Histoire du rossolis
Charles Darwin, paléontologue britannique, et son fils Francis se sont lancés, en 1860, dans une série d’expériences visant à percer les mystères des plantes carnivores. Leur aventure scientifique les a conduits à étudier le processus de capture et de digestion des rossolis. L’une de leurs découvertes les plus marquantes fut que les spécimens nourris de manière régulière devenaient plus dominants que leurs homologues affamés.
Les expériences ont révélé que ces plantes sont particulièrement friandes de fromage, de viande, de blanc d’œuf, de saucisse et de lait. Pourtant, ils déclinent catégoriquement l’amidon, le sucre et les graisses végétales.

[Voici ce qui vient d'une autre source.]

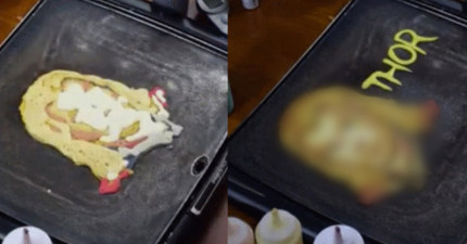 當他把左邊那個煎餅翻到另一面看到真面目時,每個《復仇者聯盟》迷都會大聲尖叫出來!
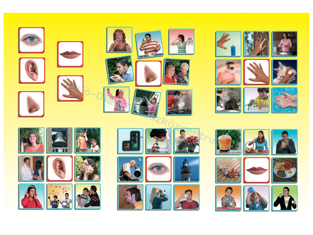 Az érzékeket bemutató játék 50 db fényképből áll, melyek az alábbiakat tartalmazzák: az öt érzékszerv fényképével ellátott 10 db alapkártya (mindegyikből kettő), valamint az öt érzékszervvel kapcsolatos és a valós életben előforduló élethelyzeteket bemutató 40 db kártya. Minden egyes érzékszervhez 8 db fénykép tartozik, melyeket a gyerekeknek az alapkártyák segítségéval kell beazonosítani és csoportosítani.
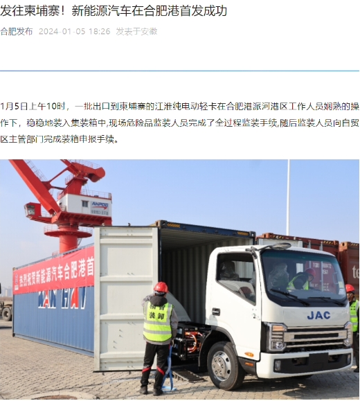 據合肥發(fā)布公眾號,一批出口到柬埔寨的江淮純電動(dòng)輕卡在合肥港派河港區裝入集裝箱中,現場(chǎng)危險品監裝人員完成了全過(guò)程監裝手續,隨后監裝人員向自貿區主管部門(mén)完成裝箱申報手續。

La sensibilité extraordinaire des rossolis a également étonné Darwin. Dans une lettre destinée au botaniste Joseph Hooker, il a décrit comment un poids minime provoquait le recourbement d’un des poils glanduleux de la plante. Il évoquait aussi la modification de chaque cellule de la tige de la glande. La réaction était si sensible qu’elle semblait presque incroyable.
Les résultats de ces recherches acharnées ont été publiés dans le livre « Insectivorous Plants » le 2 juillet 1875. Ce travail a été une étape importante dans la compréhension des plantes carnivores et a contribué à jeter les bases de la botanique moderne.
Principaux composants et usages du rossolis
Parmi les éléments actifs du rossolis se retrouvent les flavonoïdes tels que la myricétine, le kaempférol, l’hypéricine, la myricétine et la quercétine. Ces molécules ont des propriétés diverses, allant de l’antitussif à l’antiseptique, ce qui les rend précieux pour l’industrie pharmaceutique. De plus, la plante renferme de la résine, des caroténoïdes, des quinones, des tanins et plusieurs acides. Parmi ces derniers figurent les acides citrique, butanoïque, gallique, méthanoïque, propanoïque, malique et ascorbique.
Cette variété de composés confère au rossolis un potentiel thérapeutique étendu, avec des applications allant de l’antispasmodique à l’antipyrétique. De nos jours, plusieurs médicaments intègrent des extraits de cette plante dans leur formulation. Par exemple, certains sirops contre la toux contiennent des extraits de cette plante. De plus, des études montrent que les extraits de Drosera rotundifolia sont utilisés dans le traitement des verrues.
Outre ses applications médicinales, le rossolis trouve également sa place dans le monde de l’ornementation. Ses feuilles délicates et son aspect unique en font une plante d’ornement recherchée par de nombreux naturophiles. Toutefois, il est essentiel de noter que certaines espèces sont exigeantes en matière de soins et demandent un entretien méticuleux.Parmi les variétés les plus courantes utilisées à des fins ornementales, on retrouve le Drosera aliciae, le Drosera capensis et le Drosera spatulata. Certaines espèces moins courantes, telles que le Drosera rotundifolia ou le Drosera filiformis, ne sont visibles que chez des revendeurs spécifiques.